The Sepik and Ramu Rivers cover most of inland areas in northern mainland PNG. The major rivers in the south of the main island are the Fly and Purari systems. Despite some considerable attention to these rivers, primarily through mining or damming impact assessments, there is limited information on yields in the southern rivers. Estimates are further hindered by the fact that all southern rivers have a somewhat different fish fauna to the Sepik/Ramu. For example, the Fly River has approximately twice the number of fish species as the Sepik and several commercially and artisanally exploited Fly families of fish are absent from the Sepik (Allen and Coates 1989). The impact of tilapia in southern rivers (which is 50% of the Sepik/Ramu floodplain catch) is not known, and there are no records of this species occurring in the Fly, Purari or Kikori Rivers.
The rivers in southern PNG also have quite different morphological characteristics to the Sepik and Ramu rivers. In particular, deltas and estuarine zones are very extensive in southern PNG rivers but such areas are limited or non-existent in northern rivers. The Purari and Kikori Rivers have limited ox-bow lakes and floodplain areas, consisting, above the delta, of mainly river channels flowing through forest. Sepik/Ramu type floodplains, with extensive associated ox-bow lake systems, do occur in the Fly River above its extensive delta. Apart from the above mentioned differences between northern and southern rivers in terms of their fish faunas, southern rivers are also dominated by estuarine/mangrove fisheries in their lower sections and large floodplain fisheries tend to be absent except in the middle Fly.
Haines and Stevens (1983) provide some information on subsistence catches from the Purari/Kikori deltas. They estimated the annual subsistence catch of 20,000 people to be a minimum of 600 t of fish and 300 t of crabs. Amongst the fish, barramundi, sharks, threadfin salmon and catfishes are the major components of the catch. All of these crabs and fish (except catfishes) are not caught to any extent in the Sepik, if at all. Haines and Stevens' useful data clearly apply to a different type of fishery to the Sepik. For this reason such estimates from the Purari/Kikori areas are difficult to compare with Sepik/Ramu data. Haines and Stevens, however, note that Sepik catches are twice as high as their catch data. This was based on ADB hypothetical figures (they quote 8,000 t by 85,000 people in the Sepik-this is actually the tilapia production estimate). Based on the Coates (1985) figure of 4,000 t for Sepik floodplains and the loose comparison by Haines and Stevens, yields in the two areas might be similar. Note, however, that half of the Sepik yield is tilapia which does not feature in the southern fishery. The data of Haines and Stevens are biased towards the “estuarine” fishery; floodplain regions, the most productive area of the Sepik/Ramu, are absent from the Purari and Kikori Rivers.
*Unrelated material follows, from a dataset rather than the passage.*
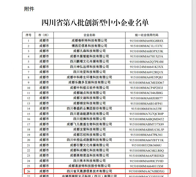 近日,經(jīng)四川省科學技術(shù)廳、四川省經(jīng)濟和信息化廳審核認證,天晟源環(huán)保全資子公司四川省天晟源信息技術(shù)有限公司(以下簡稱“天晟源信息”)憑借扎實的核心業(yè)務、強勁的創(chuàng)新技術(shù)和研發(fā)能力成功榮獲四川省“科技型中小企業(yè)”“創(chuàng)新型中小企業(yè)”雙重認定。
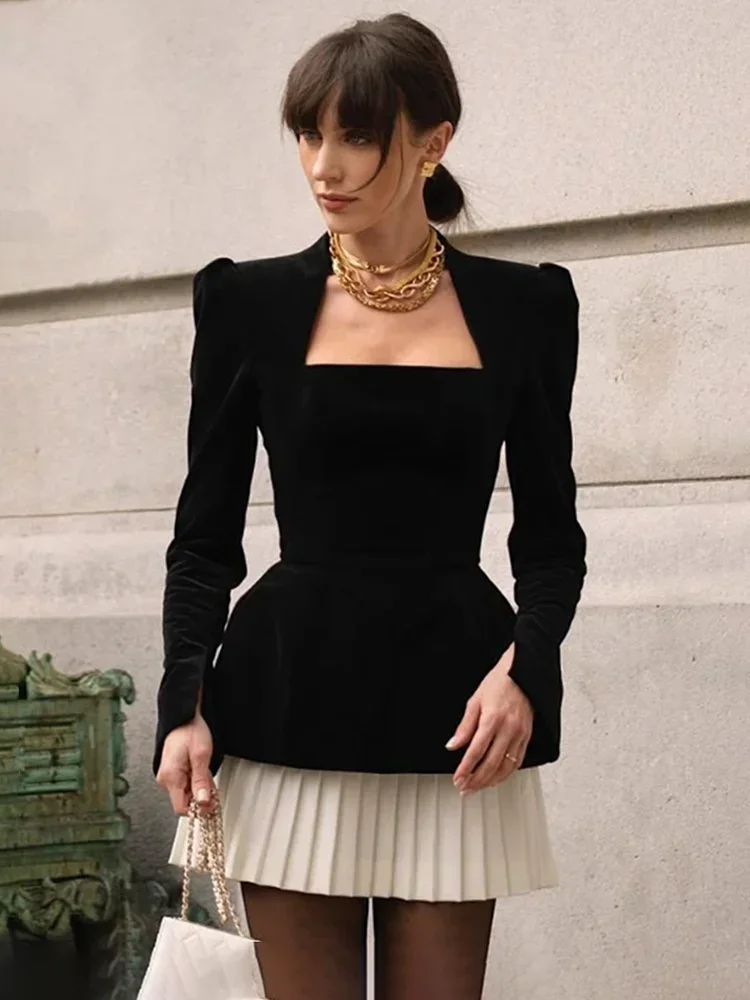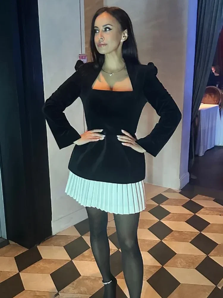 • TARUXY Fashion Long Sleeve Pleated Dress Elegant Contrast Color Office Woman Velvet Short Dress Splice Slim Vestidos Party Dress

Catches from the middle Fly river, the floodplain region, have been estimated to be between 2,000 and 5,000 t per year (Hortle 1989). Hortle also noted that Fly River floodplain and ox-bow lake gillnet catches were about twice as high as those from the Sepik recorded by Coates (1985). Although such direct comparisons of data between different river systems, at different periods and with different methods of assessment should be treated with caution, both Hortle's and Coates's estimates seem logical. Fly floodplains are less populated by people than those of the Sepik. Consequently, total Fly floodplain catch is in the region of total Sepik catch but Fly catches are perhaps twice as high on the basis of catch per net or per unit of effort. Higher catches from the Fly might be explained by this river having about twice the number of species, including the major commercially important groups - barramundi, clupeids and engraulids. Sepik/Ramu catches are also dominated by tilapia suggesting that comparisons of catches for native species alone would be higher for the Fly than the figure suggested by Hortle.
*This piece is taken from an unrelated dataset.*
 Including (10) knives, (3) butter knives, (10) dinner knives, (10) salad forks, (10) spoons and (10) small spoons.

Most of the estimates of freshwater fish catches are rough approximations, sometimes simply guesses. Yield estimates, therefore, might relate more to numbers of people. Lowlands of the Fly and Purari are less heavily populated than those of the Sepik and Ramu, although highlands populations may be similar. On this basis, Coates guesses Fly/Purari freshwater fisheries yields (excluding estuaries/deltas) to be between 4,000 and 8,000 t per year, including highlands regions based on the same estimates as undertaken for Sepik highlands regions.
Freshwater yields from other southern regions might be about 500 t per year. The PNG Islands have more limited freshwater resources as major rivers are absent, lakes are poorly stocked and there are low populations of people. Although there is a significant extent of smaller rivers and streams, the islands people probably preferentially fish coastal resources. A guess of 500 t per year from islands freshwaters is made.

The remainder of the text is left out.